Leaving the pictures out, print the lines from the first line of the listing through the line containing "Butcher block counter", exactly as they read, and no others.
*** Block opens ***
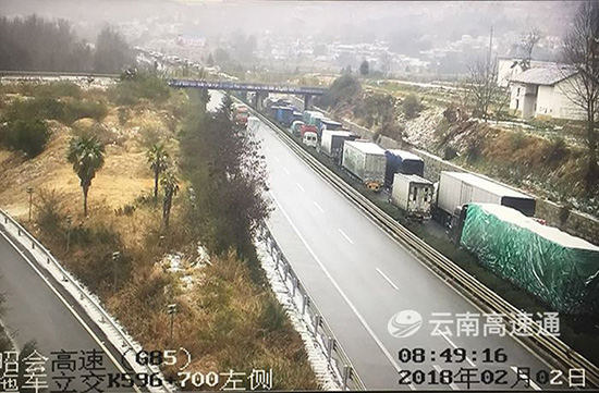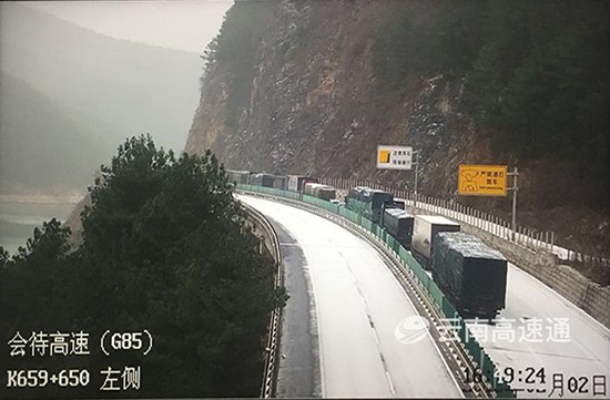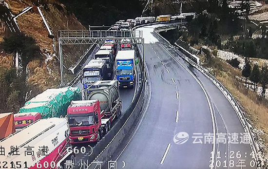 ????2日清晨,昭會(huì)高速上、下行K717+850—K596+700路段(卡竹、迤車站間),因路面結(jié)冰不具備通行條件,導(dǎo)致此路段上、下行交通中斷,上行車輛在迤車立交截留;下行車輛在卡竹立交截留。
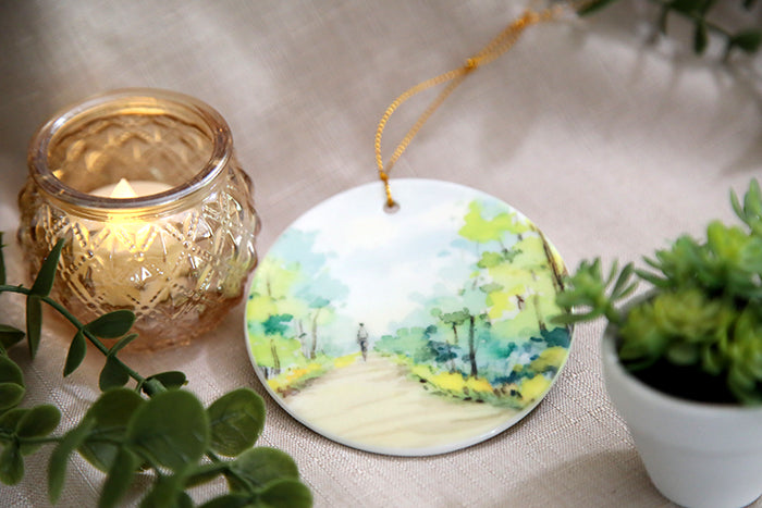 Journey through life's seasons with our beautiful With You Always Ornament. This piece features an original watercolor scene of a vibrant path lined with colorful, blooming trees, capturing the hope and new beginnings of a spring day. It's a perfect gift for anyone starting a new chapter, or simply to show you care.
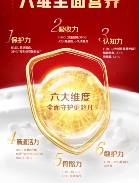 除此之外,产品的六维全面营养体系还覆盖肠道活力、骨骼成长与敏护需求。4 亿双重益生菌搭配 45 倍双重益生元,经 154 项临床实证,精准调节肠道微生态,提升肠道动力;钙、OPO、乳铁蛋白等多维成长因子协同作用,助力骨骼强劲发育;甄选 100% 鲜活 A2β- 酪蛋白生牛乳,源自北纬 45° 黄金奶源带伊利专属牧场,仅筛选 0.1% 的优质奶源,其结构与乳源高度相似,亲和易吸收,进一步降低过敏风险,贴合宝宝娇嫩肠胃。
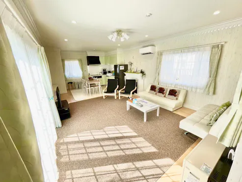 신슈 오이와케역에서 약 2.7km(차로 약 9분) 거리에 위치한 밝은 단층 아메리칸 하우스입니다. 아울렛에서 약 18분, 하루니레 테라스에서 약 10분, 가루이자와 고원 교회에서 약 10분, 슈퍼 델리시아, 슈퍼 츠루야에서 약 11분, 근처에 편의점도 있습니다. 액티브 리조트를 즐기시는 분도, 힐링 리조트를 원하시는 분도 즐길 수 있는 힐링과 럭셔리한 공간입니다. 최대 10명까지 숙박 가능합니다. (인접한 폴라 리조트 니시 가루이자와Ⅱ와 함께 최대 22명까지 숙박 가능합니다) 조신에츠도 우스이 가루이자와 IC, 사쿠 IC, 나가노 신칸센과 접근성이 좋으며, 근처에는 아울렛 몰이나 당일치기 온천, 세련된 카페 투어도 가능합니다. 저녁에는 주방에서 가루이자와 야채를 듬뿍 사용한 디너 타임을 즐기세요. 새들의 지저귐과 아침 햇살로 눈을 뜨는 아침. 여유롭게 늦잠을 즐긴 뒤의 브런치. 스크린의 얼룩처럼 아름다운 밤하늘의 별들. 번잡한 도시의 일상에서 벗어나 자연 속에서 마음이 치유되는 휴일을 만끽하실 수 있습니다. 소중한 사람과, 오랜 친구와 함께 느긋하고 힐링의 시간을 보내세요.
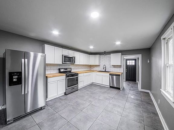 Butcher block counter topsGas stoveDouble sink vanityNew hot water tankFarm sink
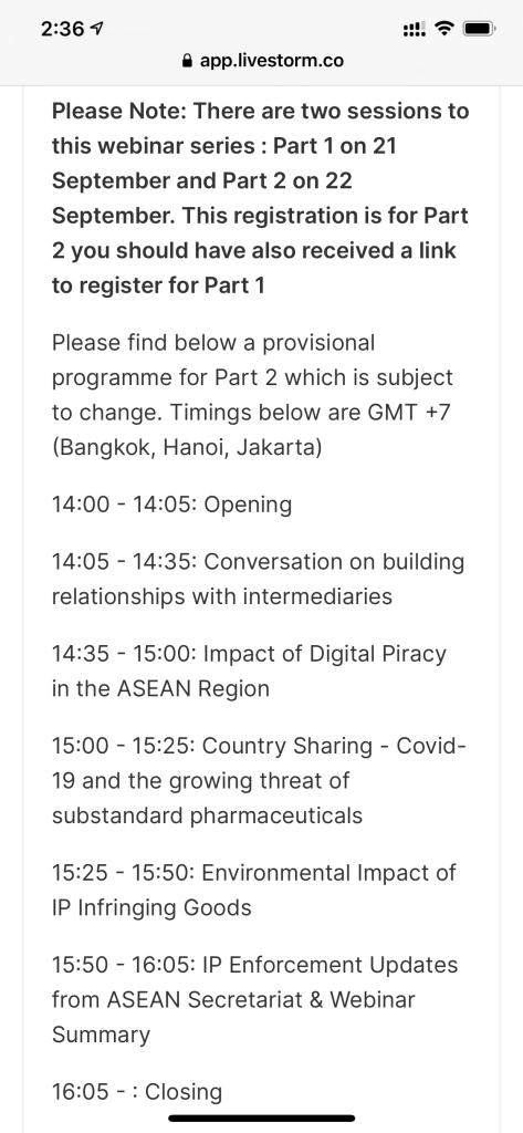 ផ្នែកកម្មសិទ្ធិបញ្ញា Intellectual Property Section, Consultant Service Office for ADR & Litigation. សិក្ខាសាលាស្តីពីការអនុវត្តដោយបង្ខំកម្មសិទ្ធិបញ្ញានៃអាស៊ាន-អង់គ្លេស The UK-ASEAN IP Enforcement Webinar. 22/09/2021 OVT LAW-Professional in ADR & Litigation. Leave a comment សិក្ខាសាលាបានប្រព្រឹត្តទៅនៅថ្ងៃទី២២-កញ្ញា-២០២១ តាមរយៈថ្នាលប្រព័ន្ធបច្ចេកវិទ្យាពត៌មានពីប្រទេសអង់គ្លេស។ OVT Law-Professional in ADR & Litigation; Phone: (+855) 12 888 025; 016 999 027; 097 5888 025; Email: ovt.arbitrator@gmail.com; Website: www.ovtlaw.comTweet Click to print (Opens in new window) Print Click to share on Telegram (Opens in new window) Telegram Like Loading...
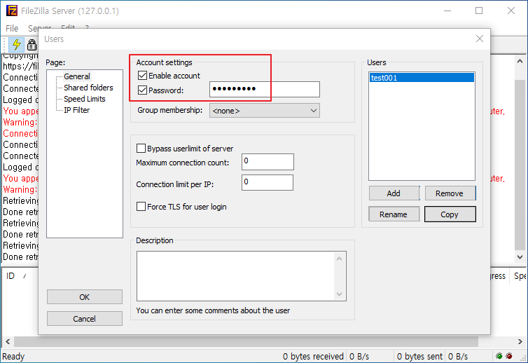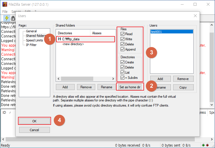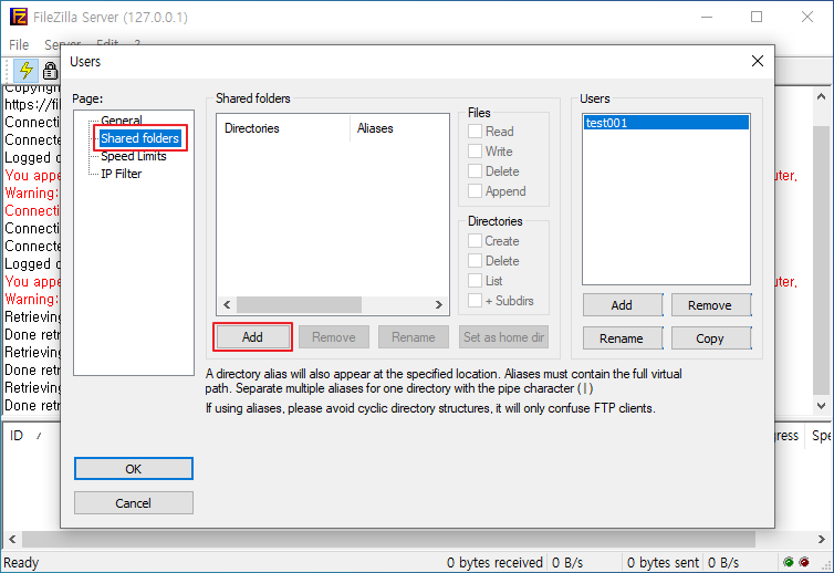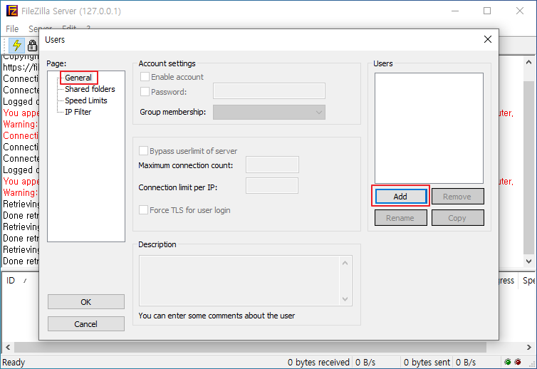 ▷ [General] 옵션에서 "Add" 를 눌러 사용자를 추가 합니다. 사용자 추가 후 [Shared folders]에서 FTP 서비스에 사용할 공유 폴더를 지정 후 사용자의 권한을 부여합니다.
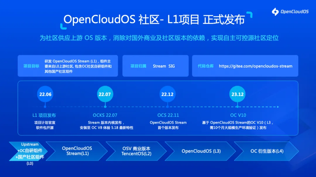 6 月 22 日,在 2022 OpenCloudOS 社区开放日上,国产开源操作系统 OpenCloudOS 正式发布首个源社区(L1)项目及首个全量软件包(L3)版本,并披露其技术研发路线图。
*** Block closes ***
* Task result:
 ????2日清晨,昭會(huì)高速上、下行K717+850—K596+700路段(卡竹、迤車站間),因路面結(jié)冰不具備通行條件,導(dǎo)致此路段上、下行交通中斷,上行車輛在迤車立交截留;下行車輛在卡竹立交截留。
 Journey through life's seasons with our beautiful With You Always Ornament. This piece features an original watercolor scene of a vibrant path lined with colorful, blooming trees, capturing the hope and new beginnings of a spring day. It's a perfect gift for anyone starting a new chapter, or simply to show you care.
 除此之外,产品的六维全面营养体系还覆盖肠道活力、骨骼成长与敏护需求。4 亿双重益生菌搭配 45 倍双重益生元,经 154 项临床实证,精准调节肠道微生态,提升肠道动力;钙、OPO、乳铁蛋白等多维成长因子协同作用,助力骨骼强劲发育;甄选 100% 鲜活 A2β- 酪蛋白生牛乳,源自北纬 45° 黄金奶源带伊利专属牧场,仅筛选 0.1% 的优质奶源,其结构与乳源高度相似,亲和易吸收,进一步降低过敏风险,贴合宝宝娇嫩肠胃。
 신슈 오이와케역에서 약 2.7km(차로 약 9분) 거리에 위치한 밝은 단층 아메리칸 하우스입니다. 아울렛에서 약 18분, 하루니레 테라스에서 약 10분, 가루이자와 고원 교회에서 약 10분, 슈퍼 델리시아, 슈퍼 츠루야에서 약 11분, 근처에 편의점도 있습니다. 액티브 리조트를 즐기시는 분도, 힐링 리조트를 원하시는 분도 즐길 수 있는 힐링과 럭셔리한 공간입니다. 최대 10명까지 숙박 가능합니다. (인접한 폴라 리조트 니시 가루이자와Ⅱ와 함께 최대 22명까지 숙박 가능합니다) 조신에츠도 우스이 가루이자와 IC, 사쿠 IC, 나가노 신칸센과 접근성이 좋으며, 근처에는 아울렛 몰이나 당일치기 온천, 세련된 카페 투어도 가능합니다. 저녁에는 주방에서 가루이자와 야채를 듬뿍 사용한 디너 타임을 즐기세요. 새들의 지저귐과 아침 햇살로 눈을 뜨는 아침. 여유롭게 늦잠을 즐긴 뒤의 브런치. 스크린의 얼룩처럼 아름다운 밤하늘의 별들. 번잡한 도시의 일상에서 벗어나 자연 속에서 마음이 치유되는 휴일을 만끽하실 수 있습니다. 소중한 사람과, 오랜 친구와 함께 느긋하고 힐링의 시간을 보내세요.
 Butcher block counter topsGas stoveDouble sink vanityNew hot water tankFarm sink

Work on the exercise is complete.